== Instructions for the task ==
Would you return exactly the lines below from the line with "- LONG-LASTING: Ladder" through the line with "- Innovative Gesture", both included, and nothing else, leaving out the pictures?

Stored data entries

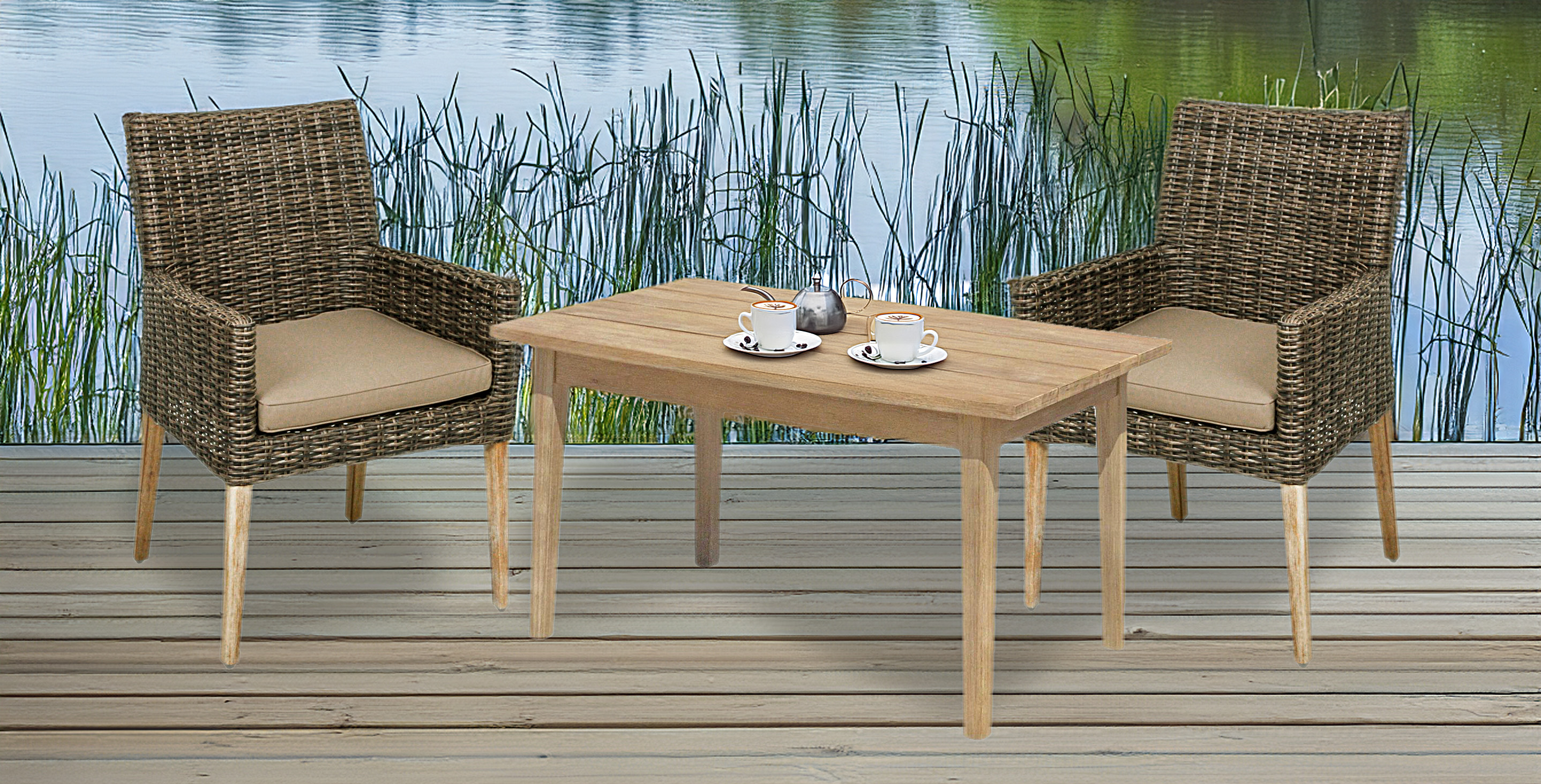 Der Tisch PUEBLO besteht aus FSC-zertifizierter Akazie in brushed wash und bietet ausreichend Platz für Mahlzeiten oder Getränke im Freien. Diese kompakte Sitzgruppe umfasst einen Tisch und zwei Stühle, die eine gemütliche und stilvolle Outdoor-Sitzlösung für Mahlzeiten und Entspannung im Freien bieten. Genießen Sie Luxus und Komfort auf Ihrem Balkon, Ihrer Terrasse oder Ihrem kleinen Garten mit der NORVELL/PUEBLO Sitzgruppe.
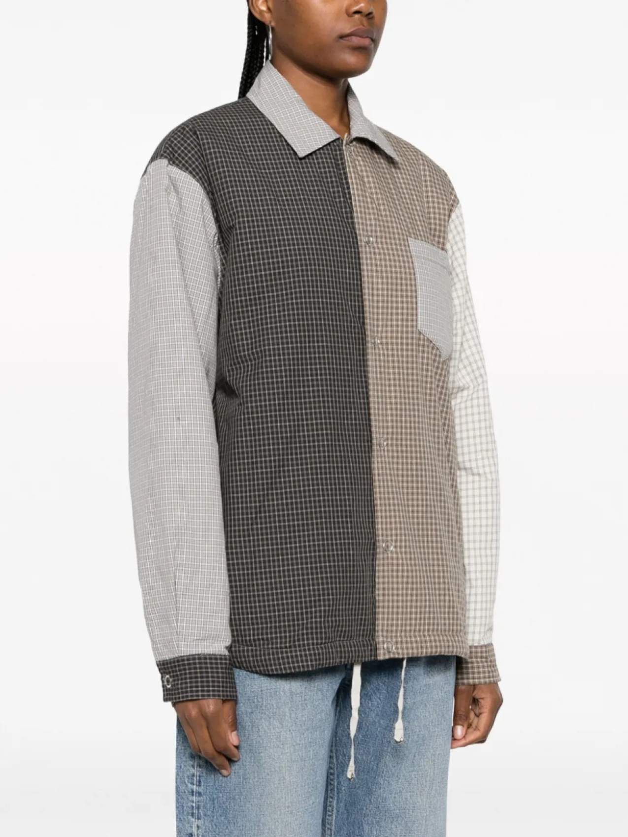 Расцветка Light Brown, темно-зеленый, светло-серый, хлопок, клетчатый узор, дизайн колор-блок, металлический логотип бронзового оттенка, отложной воротник, застежка на кнопках спереди, приспущенные плечи, длинные рукава, манжеты с застежкой на кнопки и подол с кулиской.
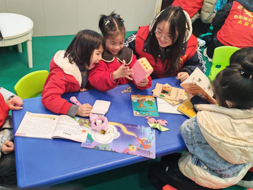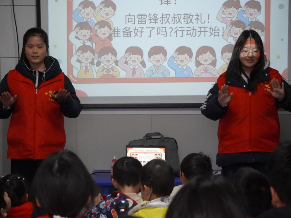 活动当天,学生党员提前抵达现场布置教具,以饱满的精神状态迎接孩子们的到来。面对听障儿童这一特殊群体,志愿者们以手语致以问候,借助趣味游戏打破隔阂、建立信任。在核心教学环节,党员们运用多媒体动画、绘本阅读与手语翻译相结合的创新模式,向孩子们生动再现雷锋助人为乐的经典故事。随后,志愿者带领孩子们共同演绎以感恩与友爱为主题的手势舞蹈,在律动中培养节奏感,在互动中增强表达自信。整场活动贯穿“陪伴式服务”理念,党员们始终与孩子们保持平视交流,以耐心与尊重传递关怀,让党的温暖触达每一个无声的心灵。
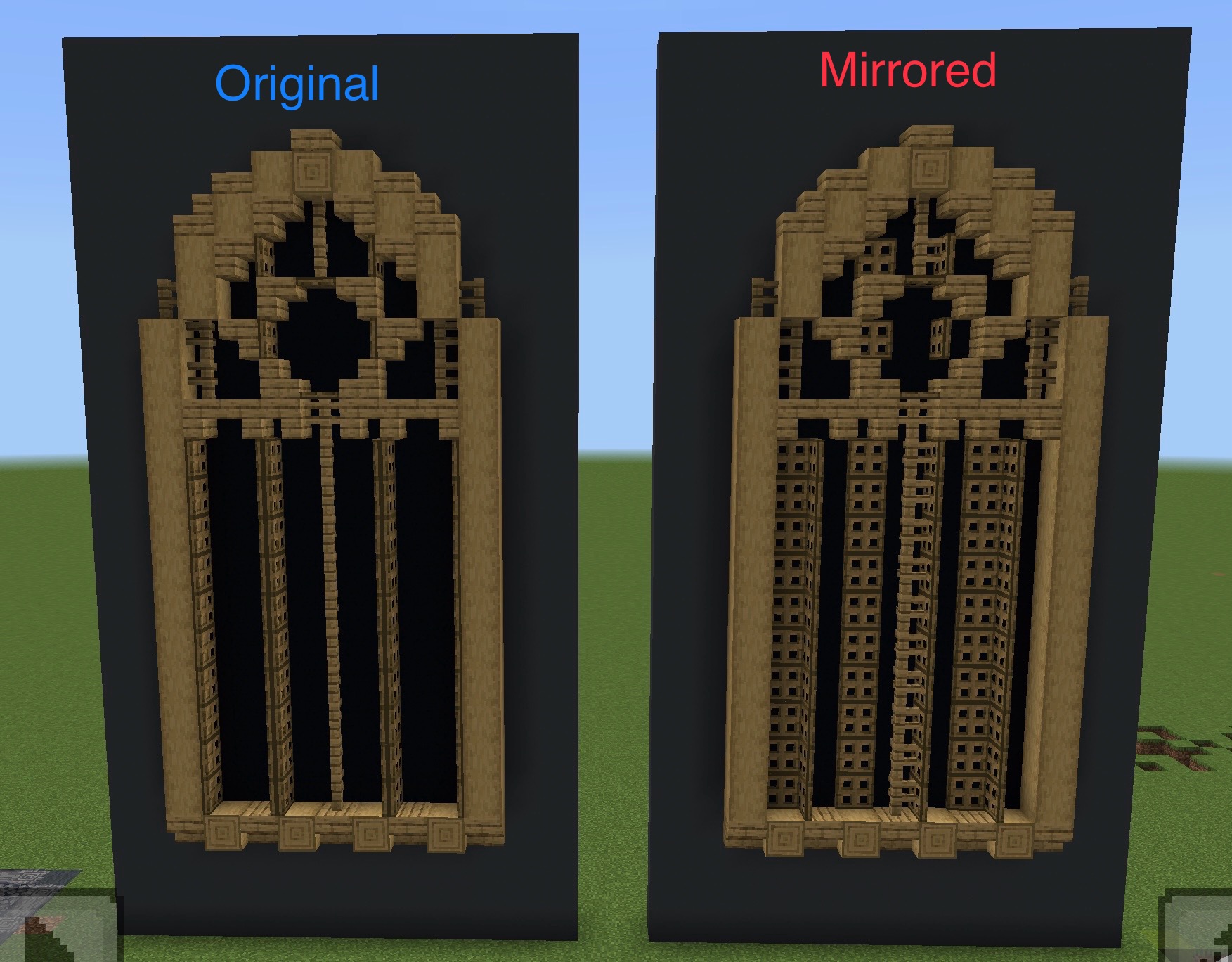 When mirroring or rotating opened trapdoors using a structure block, they will not be mirrored or rotated correctly. This means that if you open a trapdoor in a certain direction and then mirror it it will now not be opened in the mirrored direction but instead will be opened in a completely different direction.
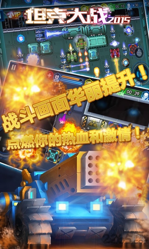 《坦克大战2015》,史诗级热血坦克战争大作,精准完美的操作,不一样的绚丽动感游戏场景,巨型BOSS等待你的讨伐,战斗场面华丽升级,尽情地点燃您内心的热血吧!
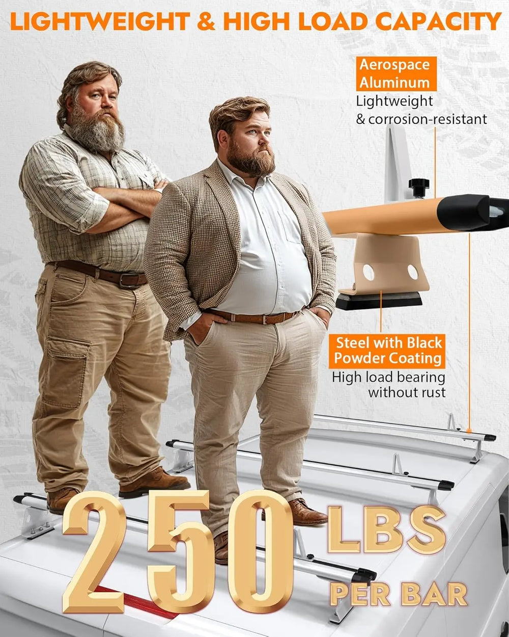 - LONG-LASTING: Ladder rack for van features the rust-free material of aluminum with white powder-coated finish. Stainless steel hardware provide strength and durability, anti-rust and anti-corrosion
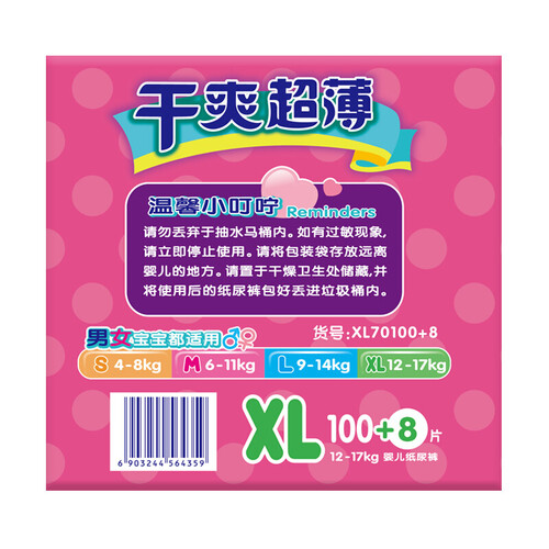采用轻薄吸收芯体设计,结合全新蝶形裁剪底膜,更加贴合宝宝身材曲线。高能锁水分子,快速吸收水量,避免反渗。
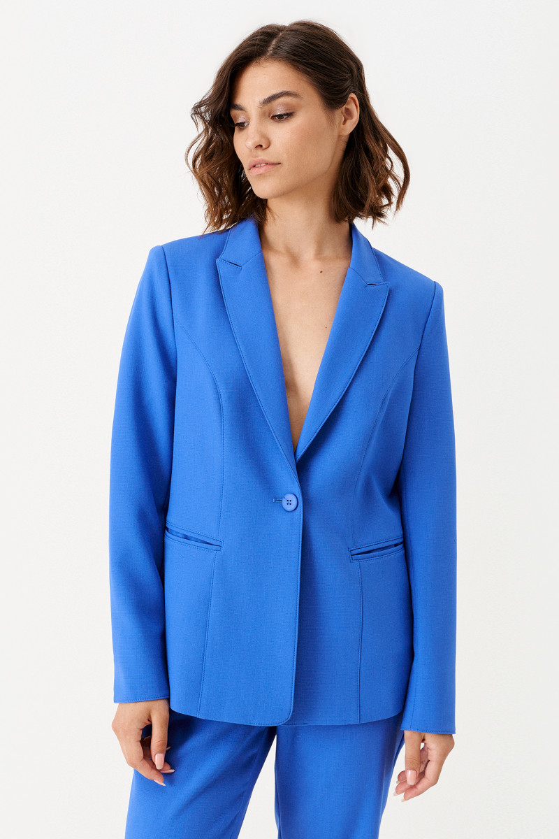 Жакет женский из поливискозной ткани для повседневной носки. Изделие на поливискозной подкладке. Жакет однобортный полуприлегающего силуэта с длинным рукавом. По переду жакета рельефные швы и прорезные карманы. По спинке рельефные швы.
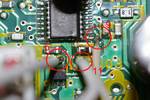 In der Nähe des Lochs, in das Pin 2 eingesteckt wird, muss eine Leiterbahn durchtrennt werden. Die Trennungsstelle ist mit zwei roten Strichen markiert (siehe mittleres Bild). Am Besten benutzen Sie dazu einen scharfes Teppichmesser. --- Vorsicht ist geboten, damit aus Versehen keine weiteren Leitungen durchtrennt werden.
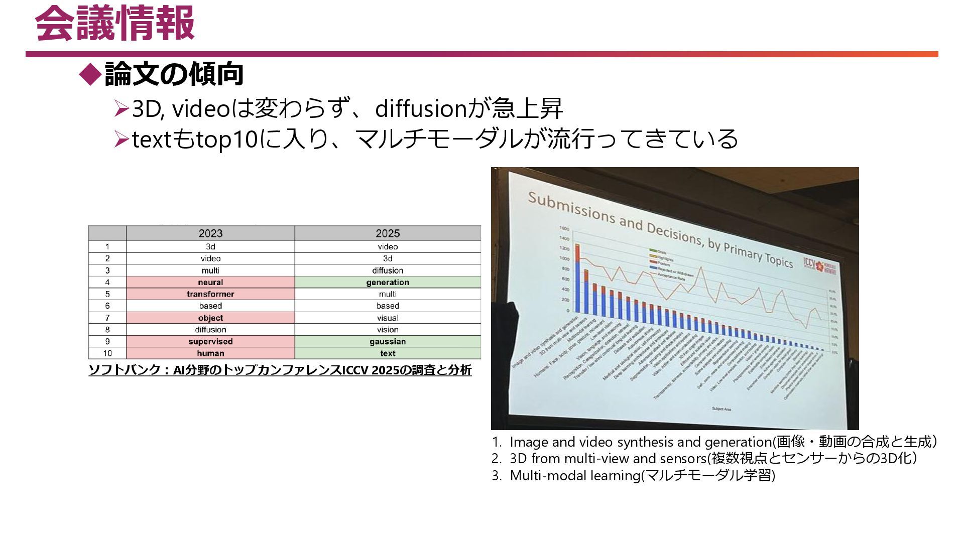 会議情報 ◆論文の傾向 ➢3D, videoは変わらず、diffusionが急上昇 ➢textもtop10に入り、マルチモーダルが流行ってきている ソフトバンク:AI分野のトップカンファレンスICCV 2025の調査と分析 1. Image and
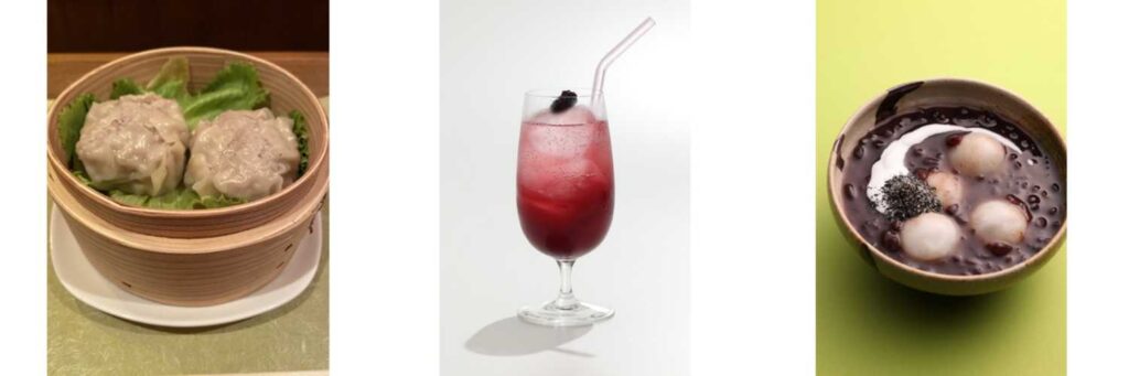 すばらしいおしるこ 500円 / 桑の実ソーダ 500円 / スパークリングワイン 600円
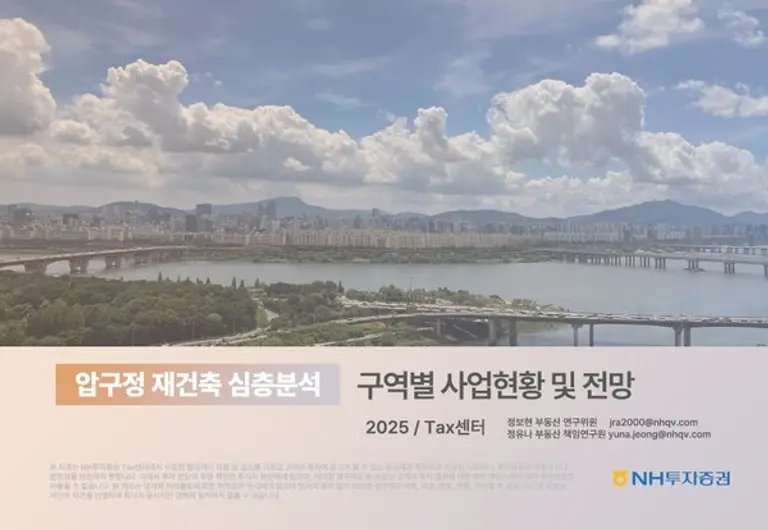 |스마트투데이=김세형 기자| NH투자증권(대표이사 윤병운)이 '압구정 재건축 심층분석–구역별 사업현황 및 전망' 보고서를 19일 발간했다.
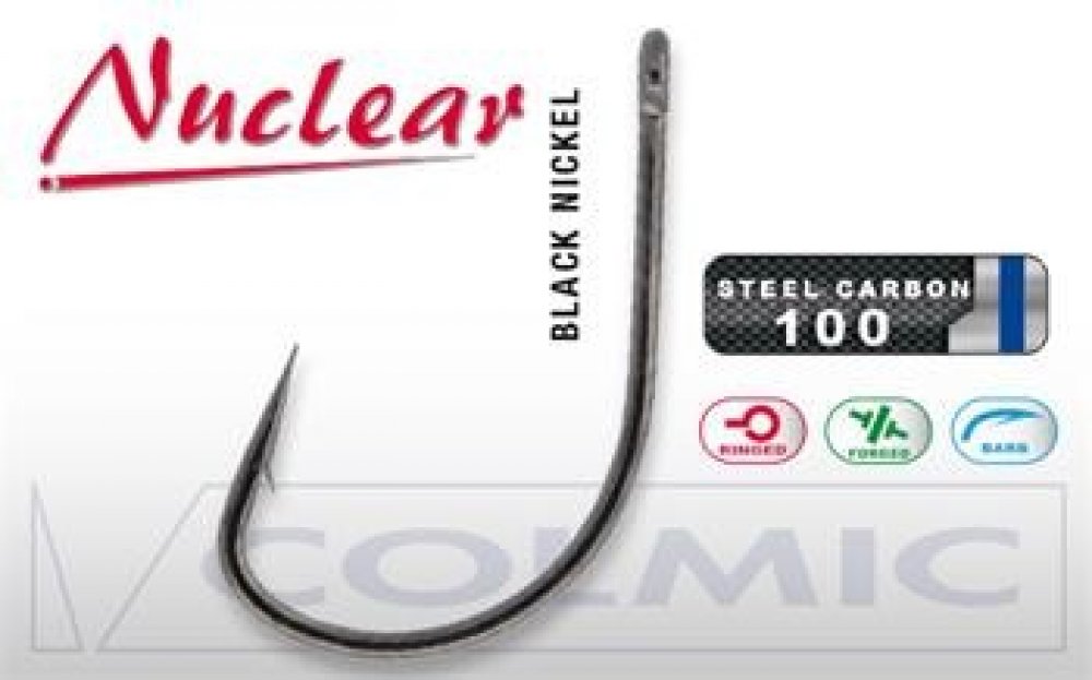 Háčky COLMIC Nuclear MR300, jeden z nejpoužívanějších háčků pro suchozemský nebo mořský rybolov. Tenké háčky s očkem ze silného drátu z černého niklu mírně ohnuté dovnitř. Umožňují silné a rychlé proniknutí háčku za nosní dutinu ryby. V mořském rybaření je lze efektivně využít při technice odlévání surfů a při lovu...
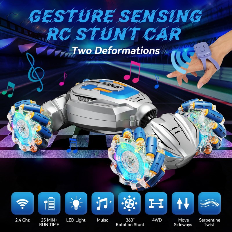 - Innovative Gesture Sensing Technology: Unlike traditional remote control methods, this car features advanced gesture sensing. Kids can control the car with simple hand movements, making it a unique and exciting toy.
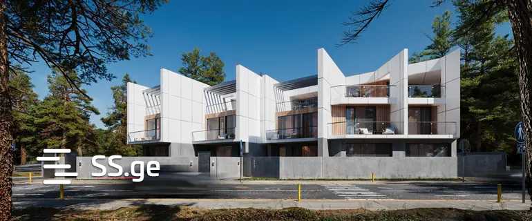 Each house has an individual yard and a pool. Built with the highest quality materials. The facade is insulated with stone wool and finished with Alucobond material. Compact laminate details were also used for the facade.

== Response for this exercise ==
 - LONG-LASTING: Ladder rack for van features the rust-free material of aluminum with white powder-coated finish. Stainless steel hardware provide strength and durability, anti-rust and anti-corrosion
采用轻薄吸收芯体设计,结合全新蝶形裁剪底膜,更加贴合宝宝身材曲线。高能锁水分子,快速吸收水量,避免反渗。
 Жакет женский из поливискозной ткани для повседневной носки. Изделие на поливискозной подкладке. Жакет однобортный полуприлегающего силуэта с длинным рукавом. По переду жакета рельефные швы и прорезные карманы. По спинке рельефные швы.
 In der Nähe des Lochs, in das Pin 2 eingesteckt wird, muss eine Leiterbahn durchtrennt werden. Die Trennungsstelle ist mit zwei roten Strichen markiert (siehe mittleres Bild). Am Besten benutzen Sie dazu einen scharfes Teppichmesser. --- Vorsicht ist geboten, damit aus Versehen keine weiteren Leitungen durchtrennt werden.
 会議情報 ◆論文の傾向 ➢3D, videoは変わらず、diffusionが急上昇 ➢textもtop10に入り、マルチモーダルが流行ってきている ソフトバンク:AI分野のトップカンファレンスICCV 2025の調査と分析 1. Image and
 すばらしいおしるこ 500円 / 桑の実ソーダ 500円 / スパークリングワイン 600円
 |스마트투데이=김세형 기자| NH투자증권(대표이사 윤병운)이 '압구정 재건축 심층분석–구역별 사업현황 및 전망' 보고서를 19일 발간했다.
 Háčky COLMIC Nuclear MR300, jeden z nejpoužívanějších háčků pro suchozemský nebo mořský rybolov. Tenké háčky s očkem ze silného drátu z černého niklu mírně ohnuté dovnitř. Umožňují silné a rychlé proniknutí háčku za nosní dutinu ryby. V mořském rybaření je lze efektivně využít při technice odlévání surfů a při lovu...
 - Innovative Gesture Sensing Technology: Unlike traditional remote control methods, this car features advanced gesture sensing. Kids can control the car with simple hand movements, making it a unique and exciting toy.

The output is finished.